The common practice is to either sell the shares for a profit or reward shareholders via a dividend distribution in future. Another option is the cancellation of the treasury shares, which will reduce the shares outstanding. 

A recent beneficiary of a sale of treasury shares is Kumpulan H&L High-Tech Bhd, which has raked in a total of RM9.66 million since early this month.

As its share price continued to rise, it made the decision to sell 2.21 million treasury shares over the past two weeks, significantly bringing down the number of treasury shares to 847,960 from 3.06 million as at end-June.

The plastic injection moulding firm has seen its shares surge 72.2% to RM4.22 last Friday from RM2.45 on June 30. 

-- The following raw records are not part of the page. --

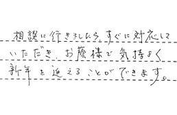 相談に行きましたら、すぐに対応していただき、お蔭様で気持よく新年を迎えることができます。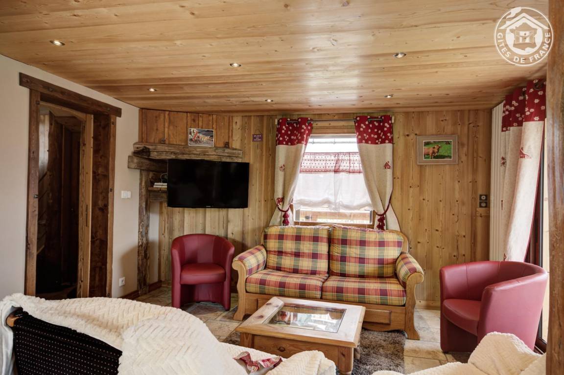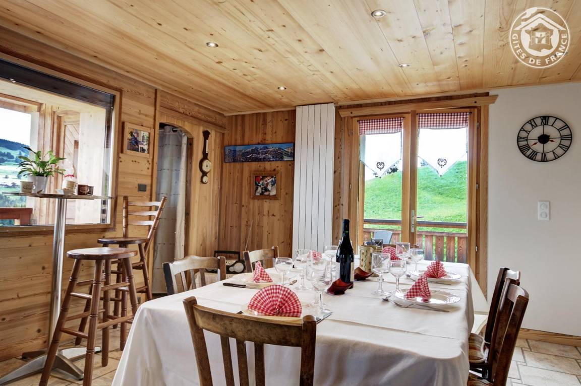 „Beau chalet en retrait sur les hauteurs du village. La vue est splendide et l'environnement très calme. Les stations de ski se rejoignent en 15min de voiture sans difficulté, mais il y a aussi de très belles balades à faire à pied qui partent du chalet. On a adoré et nous reviendrons !“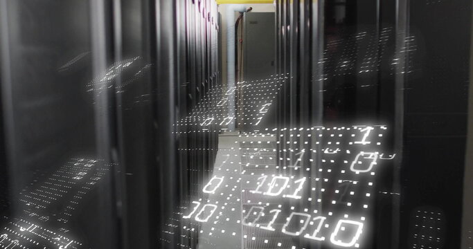 Image of data processing and spots over server room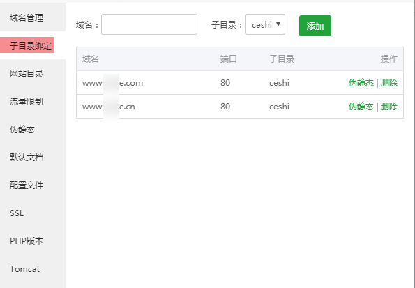 添加子目录的绑定,可以将域名绑定在该WEB站点下的子目录上。可支持单独为该子目录设置伪静态。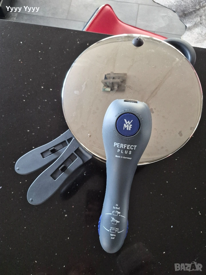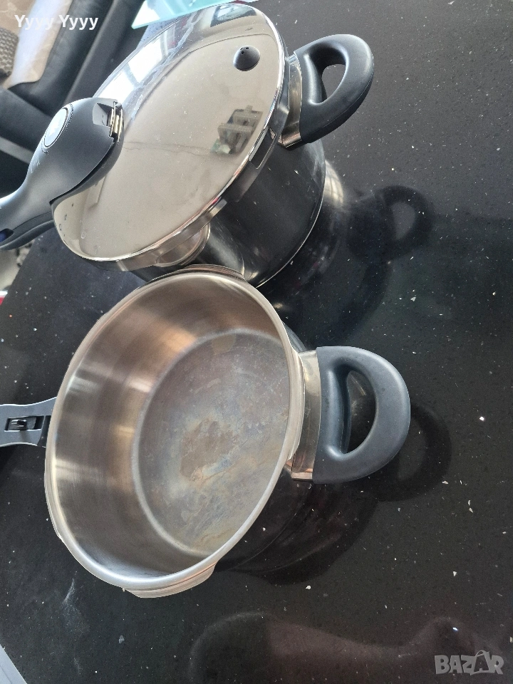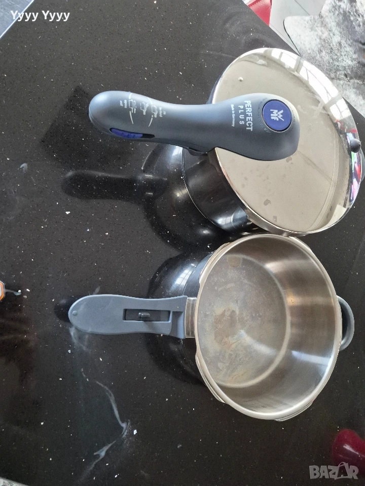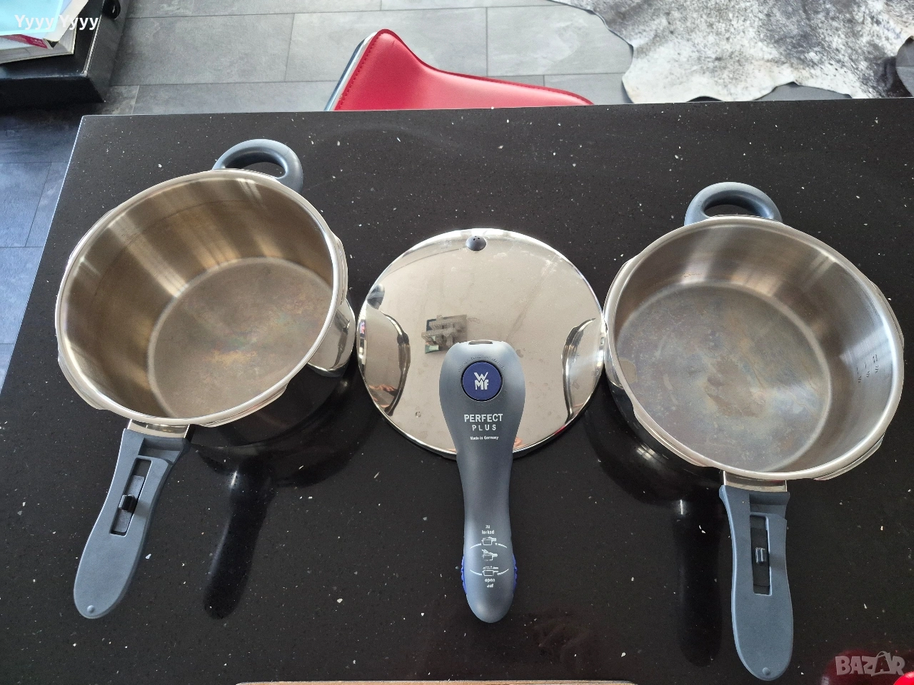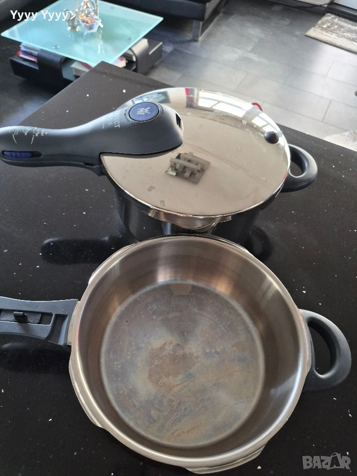 Немска тенджера за бързо готвене на марката WMF. Тенджерата е в добро състояние и може 8да се използва за приготвяне на различни ястия бързо и лесно.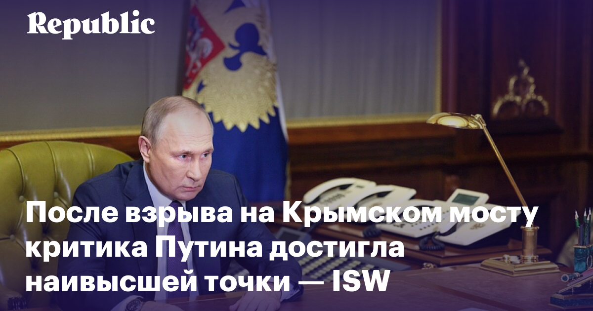 ISW: после взрыва на Крымском мосту критика Путина достигла наивысшей точки

While proceeds from the sale can be channelled towards working capital, the sale of the treasury shares may also reflect that the company was already seeing a fair value for its shares, hence putting a cap on the share price gain.

In reply to a query by Bursa Malaysia last week over the share price spike, Kumpulan H&L said it was in the final stage of negotiations for the purchase of an investment property for about RM13.88 million as well as exploring options to develop real property on its existing land bank.

For whatever reason, investors are looking forward to more sustainable growth for Kumpulan H&L, whose earnings have been on the decline since the financial year ended Oct 31, 2017.